Nous arrivâmes, avec les dernières lueurs du jour, au détroit de Shimonoseki, ce Gibraltar de la Méditerranée japonaise. Le double port de Moji nous apparut sous un dôme de fumées ; et des milliers de voiles se dessinaient en noir sur la bande rouge de l’horizon. Ce qui n’était autrefois qu’un village de pêcheurs est devenu la ville où aboutit le chemin de fer de Kyushu, et une place forte.

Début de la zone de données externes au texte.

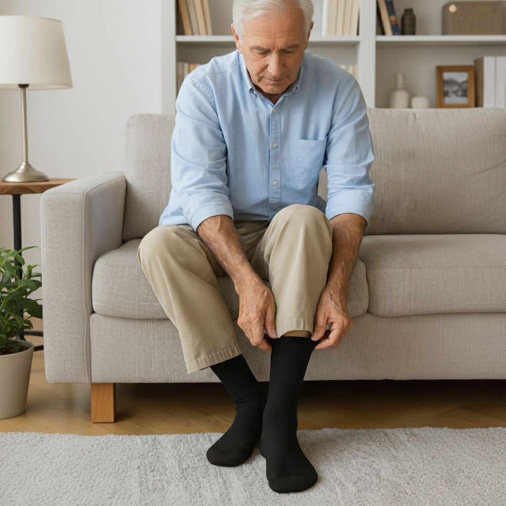 • Our Non-Binding Comfort Socks are made of 85% cotton, 12% polyamide, and 3% elastane — designed for a gentle, comfortable fit.

Comme je devais y attendre le départ du train, j’appréciai une fois de plus la manière dont les Japonais voyagent. Le Japonais d’un certain rang voyage à la façon d’un colis précieux. A peine a-t-il besoin d’indiquer sa destination. Dès qu’il débarque, l’auberge fût-elle à deux pas, on l’y transporte. Il y retrouve son thé, son saké, sa cuisine, ses geishas. Il ne se préoccupe de rien. Son billet de chemin de fer lui est glissé entre les doigts, et, à l’heure juste, on le dépose dans son compartiment. C’est le seul homme du monde qui puisse quitter un bateau, traverser une ville, prendre un train, sans que sa rêverie en soit interrompue. Vous diriez un Bouddha que ses fidèles déménagent.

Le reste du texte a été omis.